Rother enfatiza que antes lo importante no era qué podía hacer la socialdemocracia
europea por América Latina. El interés era mutuo, había un acercamiento en igualdad de
derechos. Favorecido por acontecimientos internacionales como el debilitamiento de
Estados Unidos por la Guerra de Vietnam, la crisis del petróleo de 1973 y el descrédito de
China y Rusia por su actitud benévola frente las dictaduras militares en Argentina y Chile,
creció entre los políticos latinoamericanos el deseo de establecer y ampliar relaciones
con Europa occidental. Veían la socialdemocracia de Europa occidental como un modelo
para conciliar democracia, crecimiento económico y justicia social. Así, la iniciativa de
cooperación transcontinental en la década de 1970 provino especialmente de México y
Venezuela. El partido Acción Democrática de Venezuela era considerado en esa época la
vanguardia de una nueva socialdemocracia latinoamericana.
Otras razones fueron las crisis y los conflictos en la región en ese momento.
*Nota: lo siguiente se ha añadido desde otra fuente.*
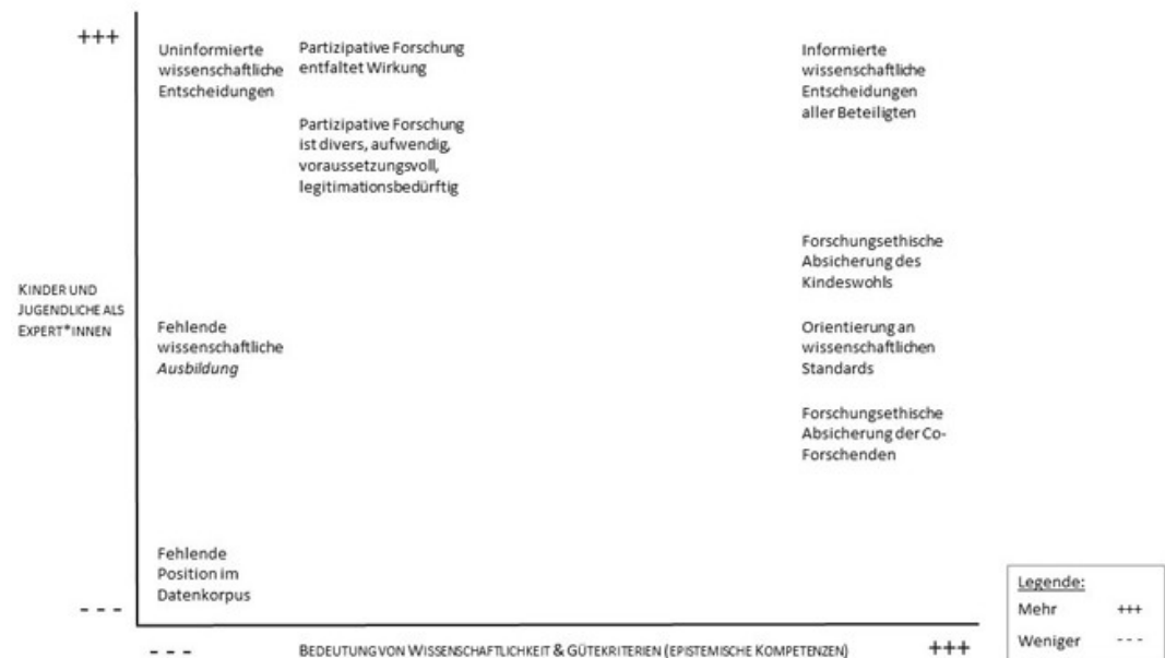
Abb. 3: Auszug der Positions-Map der Forschungssituation in Peer2Peer (eigene Darstellung nach CLARKE et al. [2018]) [61]

[2005], S.156). Damit ist keine normative Wertung einzelner Akteur*innengruppen oder Aktant*innen intendiert, sondern in Rekurs auf Michel FOUCAULT (1974 [1966]) sind heterogene Diskurspositionen von Interesse (vgl. auch DIAZ-BONE 2012). Im Zuge der Analyse kann es sinnvoll werden, (fehlende) Positionierungen mit den dahinterstehenden (nicht-)sprechenden Personen(-gruppen) zu verknüpfen (CLARKE 2012 [2005], S.166; KELLER et al. 2013, S.187).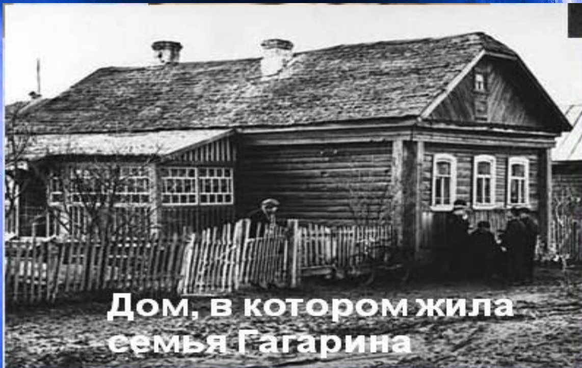
Дом, в котором жила семья Гагарина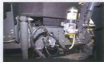
Топливный фильтр-«сепар» расположен над передним колесом, в нише, куда будет лететь вся грязь. Ну и ну!

El autor
estudia con particular intensidad la guerra civil en El Salvador (1980-1991), la Revolución
Sandinista en Nicaragua (1979) y la difícil búsqueda de la forma adecuada de relacionarse
con el gobierno de Managua. Rother señala que, durante el mandato de Brandt, ningún
otro tema o país preocupó tanto a la IS como Nicaragua. Debía evitarse a toda costa un
nuevo éxito de la Unión Soviética en América Central, como el logrado en Cuba después
de 1959. Los movimientos social-revolucionarios debían ver que los socialdemócratas
estarían de su lado cuando el camino hacia una revolución democrática no fuera factible,
dice Rother. A lo largo de los años, sin embargo, Nicaragua había pasado de ser la
esperanza de un «modelo socialista-democrático para el Tercer Mundo» –como se lo
llamó en su momento– a convertirse en una decepción autoritaria.
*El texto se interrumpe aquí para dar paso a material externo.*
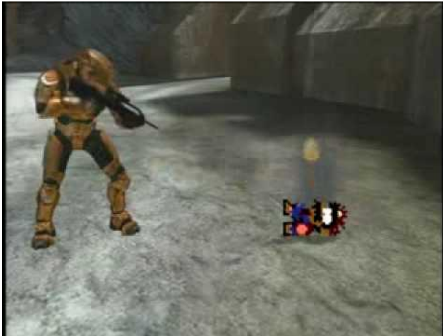
Figure 11 - Le machinima « Mario Vs Spartan »

musique populaire, à l'instar du clip musical « Spartan Style » de la TeamHeadKick 30 , qui parodie la célèbre chanson Gangnam Style du chanteur sud-coréen Psy.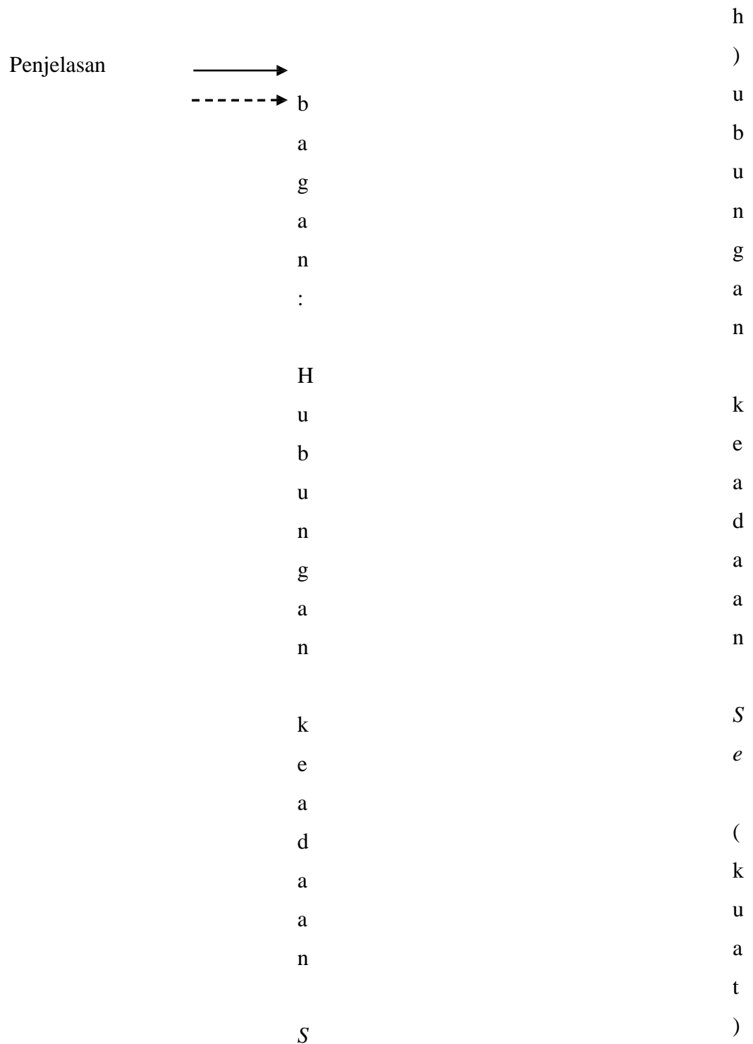
Gambar 5.1 Bagan Hubungan Hati dengan Organ Zhang lain (San, dkk., 1985).

1. Karena Hati dalam keadaan Se , maka Yang Hati menjadi terlalu kuat. Hal ini menyebabkan terjadinya Api dan Angin.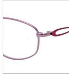
No.2 F:ローズピンク T:ワインレッド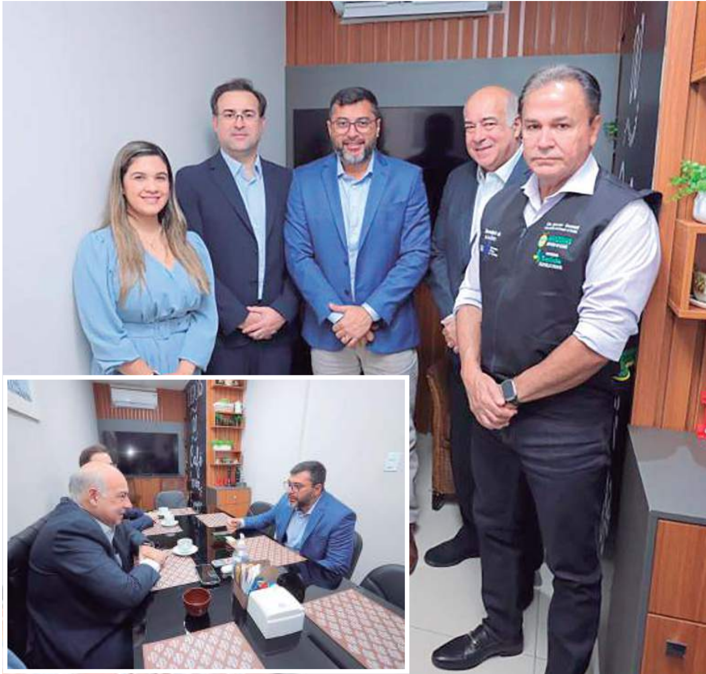
Governador Wilson Lima com liderança com a Sociedade Beneficente Israelita Brasileira Hospital Albert Einstein

Estarão no foco das pesquisas as doenças tropicais e mortalidade materna, além de priorizar a adaptação de infraestrutura para regiões isoladas, como alternativas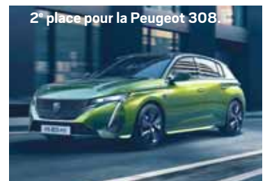
2 e place pour la Peugeot 308.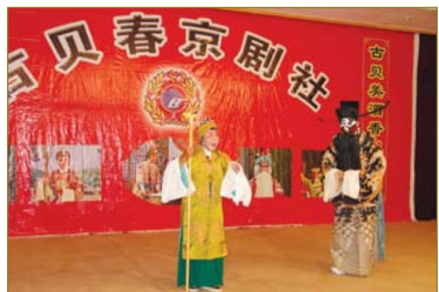
古贝春京剧社的演员们粉墨登场。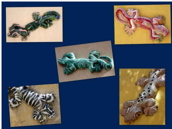
Mazaklin, der Gecko

Hier treffen sich Einheimische, Touristen und Segler. Auf den Hauswänden sieht man das Wahrzeichen der Insel farbenfroh abgebildet: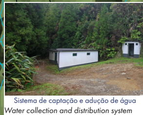
Sistema de captação e adução de água Water collection and distribution system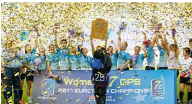
«Команда года» — сборная России по регби-7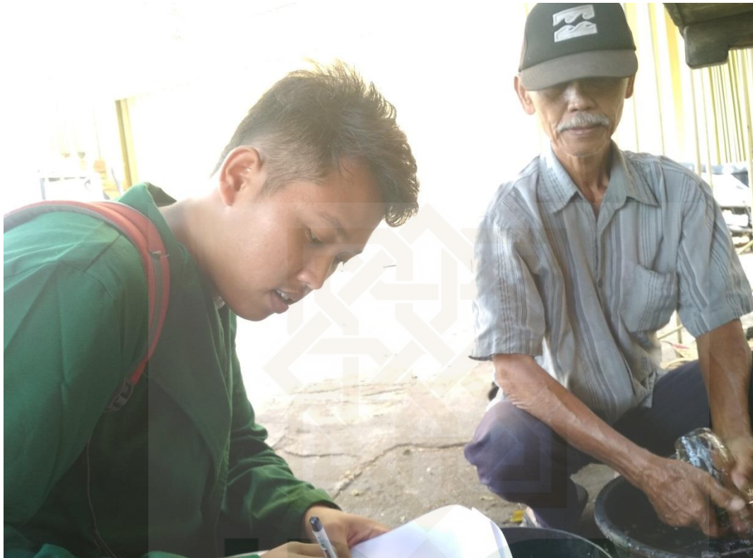
Foto pengisian kuisioner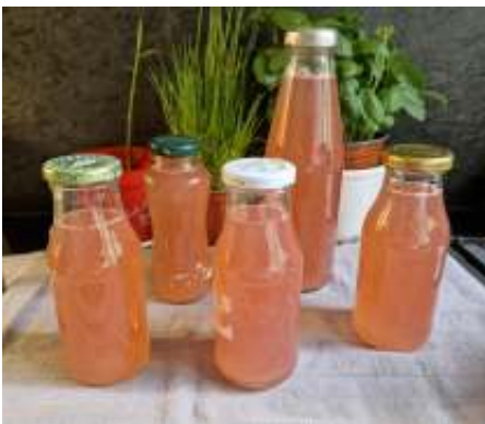
Een heerlijke dorstlesser: zelfgemaakte rabarrbersiroop

Het zomerseizoen komt er weer aan en dat betekent dat er weer het een en ander geogst kan worden, zoals de rabarber die in veel tuinen te vinden is.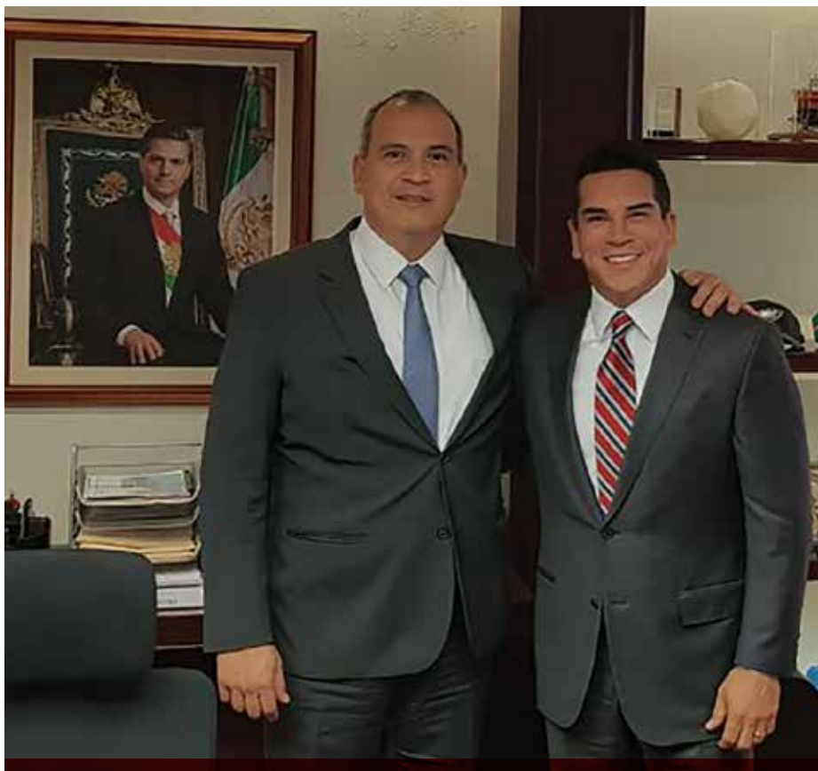
El gobernador Alejandro Moreno Cárdenas se reunió con el director general de Petróleos Mexicanos, Carlos Treviño Medina, en la CDMX.

La paraestatal ha mantenido su compromiso de trabajar en coordinación con las autoridades estatales a fin de contribuir a mejorar las condiciones de vida de los campechanos con mayor infraestructura, herramientas y equipo.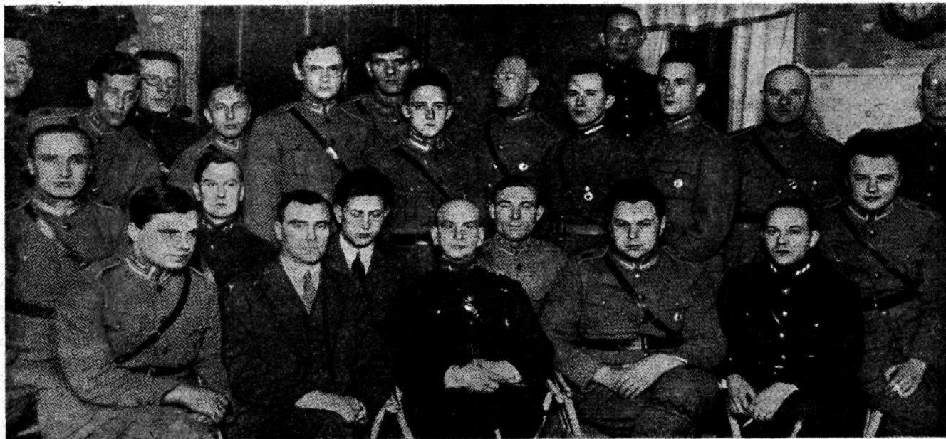
Tallinna maleva 1. malevkonna pealikutekogu.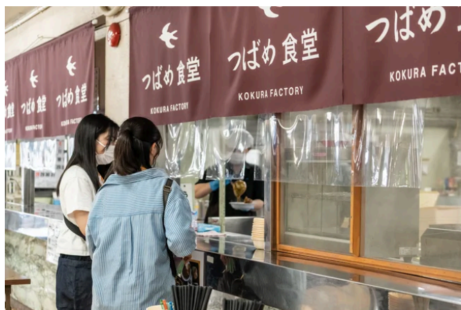
※つばめ食堂のイメージ

“カレー”と“うどん”をセットにしてご用意（お子さまはミニうどんとおにぎりのセットです。）

La IS no tuvo desde sus comienzos una orientación global. Por ello, después de que
Brandt asumiera la presidencia en 1976, trabajó por una apertura de la IS más allá de
Europa. La IS se abría a las fuerzas que estaban tanto a la izquierda como a la derecha de
la socialdemocracia, y también se toleraban los déficits democráticos. Rother describe
cómo esta búsqueda flexible de socios coincidió con el compromiso de Brandt de no
exportar ningún modelo, ni político ni económico. Según Rother, durante el mandato de
Brandt, la IS se guió por la idea de cooperar, dentro de un espectro vagamente definido
de fuerzas reformistas democráticas, con cualquiera que estuviera dispuesto a hacerlo,
siempre que el partido tuviera influencia en su país. La influencia política se valoraba más
que el purismo ideológico.
Esta flexibilidad era un requisito importante para ganar nuevos miembros, que esperaban
un diálogo en condiciones de igualdad con las fuerzas europeas, al que pudieran aportar
sus propias experiencias e ideas. Y debido a la gran cantidad de nuevos adherentes que a
menudo gobernaban sus respectivos países, el peso de la IS en el escenario mundial
crecía. Mientras tanto, el Departamento de Estado estadounidense puso a un experto a
seguir a la IS y también la Unión Soviética se ocupó del novedoso fenómeno.
Con el final de la presidencia de Brandt en 1992 también llegaron a su fin los buenos
tiempos de la IS. Esto deja en claro la importancia de las personalidades individuales,
especialmente Willy Brandt, para el éxito de la IS. Según Rother, bajo su presidencia, la IS
no fue tanto una alianza de partidos sino, más bien, una red de personalidades. Ni Pierre
Mauroy ni António Guterres, que lo sucedieron, pudieron reemplazar por completo al
fenómeno excepcional de Brandt. Cuando, en el curso de las revoluciones en Túnez y
Egipto en 2010, se descubrió que quienes habían gobernado autoritariamente hasta
entonces eran parte de la IS, la alianza se rompió.